## What to produce
Only the lines from the one containing "Rusiya Ermənistanı Kalininqrad" to the end of the data below belong in the answer, each repeated exactly; no pictures.
########
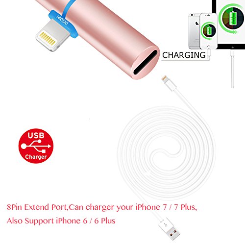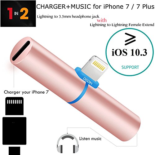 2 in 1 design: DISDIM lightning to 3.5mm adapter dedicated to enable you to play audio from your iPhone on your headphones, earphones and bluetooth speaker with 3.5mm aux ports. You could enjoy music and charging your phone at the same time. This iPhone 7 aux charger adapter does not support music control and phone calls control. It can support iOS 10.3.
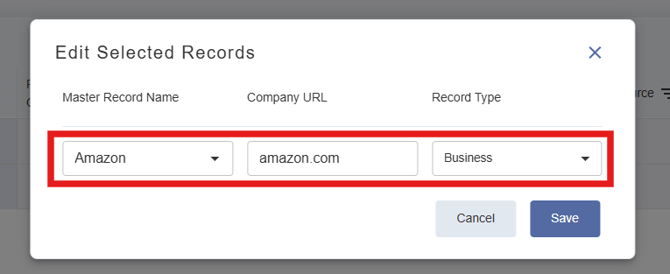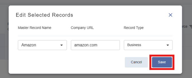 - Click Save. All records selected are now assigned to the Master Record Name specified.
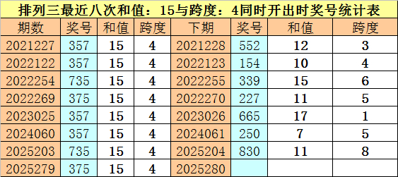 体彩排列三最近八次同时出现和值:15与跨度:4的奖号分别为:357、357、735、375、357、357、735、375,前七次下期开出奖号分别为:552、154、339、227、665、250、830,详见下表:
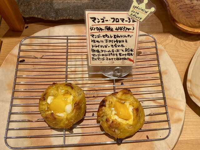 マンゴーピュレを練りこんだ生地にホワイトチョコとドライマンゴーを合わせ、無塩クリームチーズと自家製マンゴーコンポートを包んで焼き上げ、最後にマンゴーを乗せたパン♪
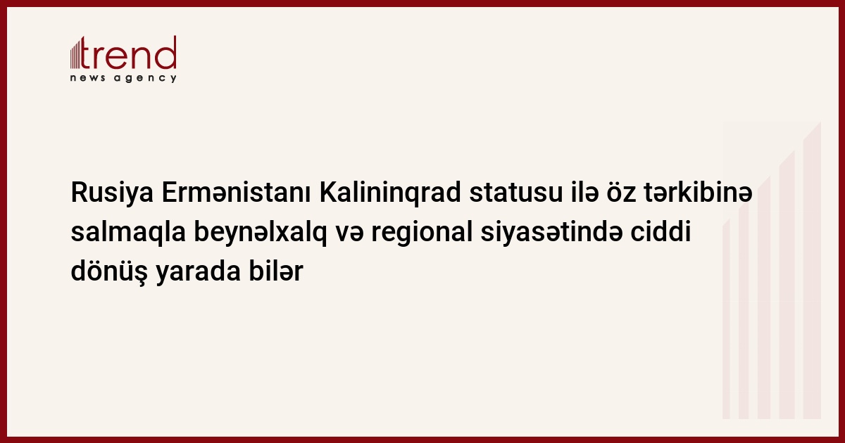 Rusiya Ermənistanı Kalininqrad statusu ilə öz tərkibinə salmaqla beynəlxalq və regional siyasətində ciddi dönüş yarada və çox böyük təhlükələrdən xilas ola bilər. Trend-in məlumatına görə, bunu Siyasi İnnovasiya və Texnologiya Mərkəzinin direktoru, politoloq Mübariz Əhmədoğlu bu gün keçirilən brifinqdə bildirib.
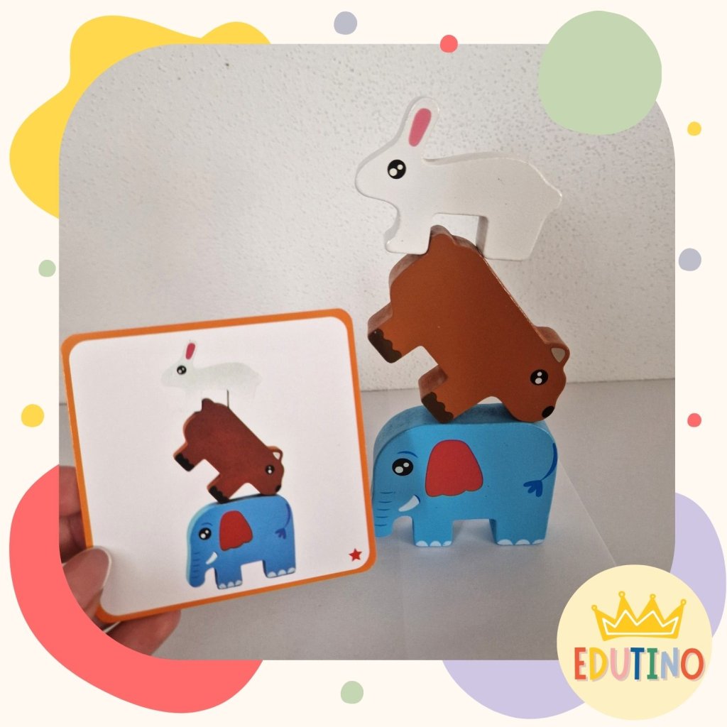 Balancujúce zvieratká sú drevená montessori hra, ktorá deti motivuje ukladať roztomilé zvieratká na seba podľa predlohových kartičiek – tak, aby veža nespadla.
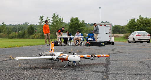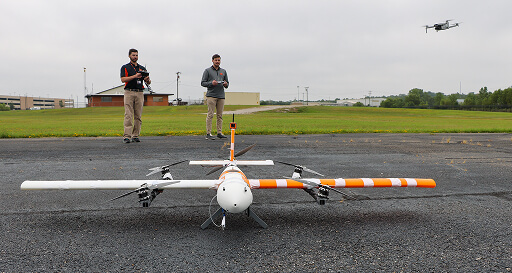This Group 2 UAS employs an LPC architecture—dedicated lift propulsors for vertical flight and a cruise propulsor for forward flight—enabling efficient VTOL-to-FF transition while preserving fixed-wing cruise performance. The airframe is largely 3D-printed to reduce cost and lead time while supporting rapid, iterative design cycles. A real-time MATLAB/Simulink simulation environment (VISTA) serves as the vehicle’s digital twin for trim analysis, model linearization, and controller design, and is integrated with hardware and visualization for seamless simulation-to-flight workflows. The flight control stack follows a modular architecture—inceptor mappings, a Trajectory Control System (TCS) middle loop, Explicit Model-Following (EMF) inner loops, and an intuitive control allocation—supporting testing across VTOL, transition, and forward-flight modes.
########
## Result of this exercise
 Rusiya Ermənistanı Kalininqrad statusu ilə öz tərkibinə salmaqla beynəlxalq və regional siyasətində ciddi dönüş yarada və çox böyük təhlükələrdən xilas ola bilər. Trend-in məlumatına görə, bunu Siyasi İnnovasiya və Texnologiya Mərkəzinin direktoru, politoloq Mübariz Əhmədoğlu bu gün keçirilən brifinqdə bildirib.
 Balancujúce zvieratká sú drevená montessori hra, ktorá deti motivuje ukladať roztomilé zvieratká na seba podľa predlohových kartičiek – tak, aby veža nespadla.
This Group 2 UAS employs an LPC architecture—dedicated lift propulsors for vertical flight and a cruise propulsor for forward flight—enabling efficient VTOL-to-FF transition while preserving fixed-wing cruise performance. The airframe is largely 3D-printed to reduce cost and lead time while supporting rapid, iterative design cycles. A real-time MATLAB/Simulink simulation environment (VISTA) serves as the vehicle’s digital twin for trim analysis, model linearization, and controller design, and is integrated with hardware and visualization for seamless simulation-to-flight workflows. The flight control stack follows a modular architecture—inceptor mappings, a Trajectory Control System (TCS) middle loop, Explicit Model-Following (EMF) inner loops, and an intuitive control allocation—supporting testing across VTOL, transition, and forward-flight modes.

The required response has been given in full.